Write out the following listing's lines from the one with "一名網友在臉書社團「靠北登山" to the one with "ロケットに乗って宇宙から生還", exactly, with both included and no others.

▶ [EXERCISE INPUT]:
◇ ◇ ◇
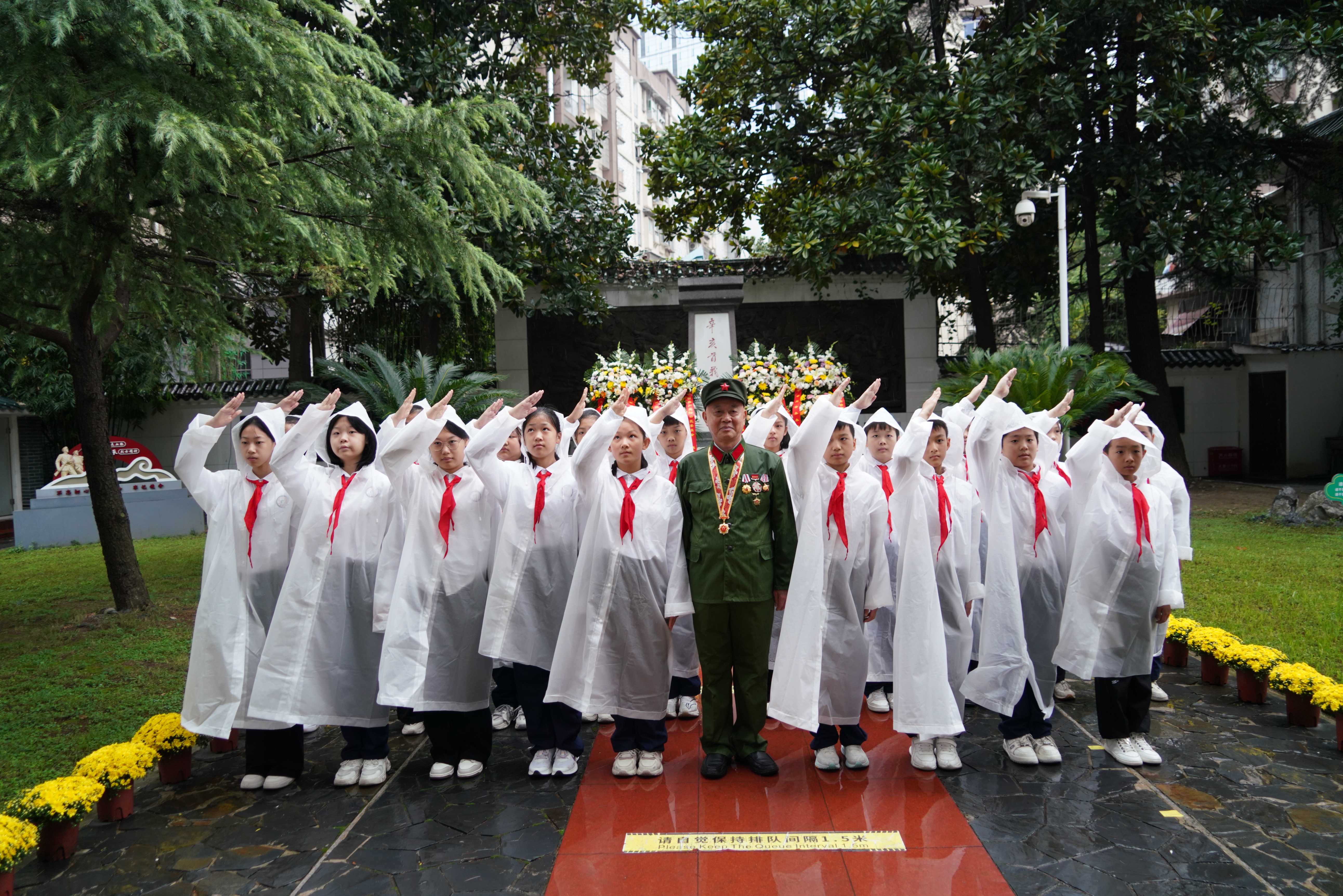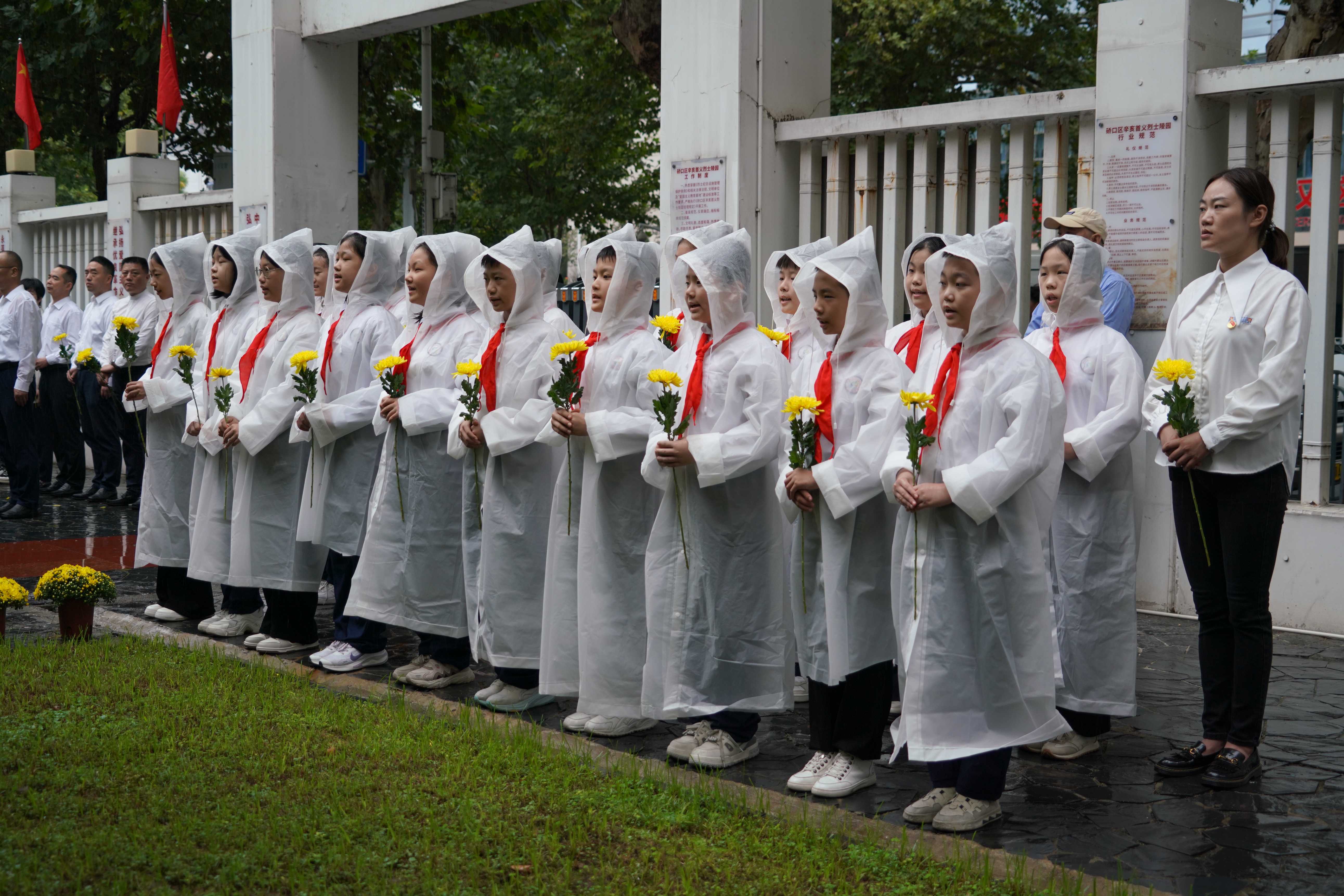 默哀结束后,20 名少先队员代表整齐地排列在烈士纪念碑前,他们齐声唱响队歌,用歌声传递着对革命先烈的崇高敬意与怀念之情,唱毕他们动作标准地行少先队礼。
◇ ◇ ◇
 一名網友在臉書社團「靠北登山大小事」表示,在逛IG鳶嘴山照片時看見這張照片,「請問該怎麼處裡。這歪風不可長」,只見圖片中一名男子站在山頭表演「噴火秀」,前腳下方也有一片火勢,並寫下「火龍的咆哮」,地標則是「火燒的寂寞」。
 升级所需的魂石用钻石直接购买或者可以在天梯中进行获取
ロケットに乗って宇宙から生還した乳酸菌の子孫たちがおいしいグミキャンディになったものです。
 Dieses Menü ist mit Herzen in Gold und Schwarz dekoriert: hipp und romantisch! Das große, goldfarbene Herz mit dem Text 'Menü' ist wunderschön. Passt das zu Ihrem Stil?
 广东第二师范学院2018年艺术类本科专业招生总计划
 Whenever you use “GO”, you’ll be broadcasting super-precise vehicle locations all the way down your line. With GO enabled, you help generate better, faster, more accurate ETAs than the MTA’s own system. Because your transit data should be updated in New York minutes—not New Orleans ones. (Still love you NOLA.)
◇ ◇ ◇
▶ [SOLVED EXERCISE]:
 一名網友在臉書社團「靠北登山大小事」表示,在逛IG鳶嘴山照片時看見這張照片,「請問該怎麼處裡。這歪風不可長」,只見圖片中一名男子站在山頭表演「噴火秀」,前腳下方也有一片火勢,並寫下「火龍的咆哮」,地標則是「火燒的寂寞」。
 升级所需的魂石用钻石直接购买或者可以在天梯中进行获取
ロケットに乗って宇宙から生還した乳酸菌の子孫たちがおいしいグミキャンディになったものです。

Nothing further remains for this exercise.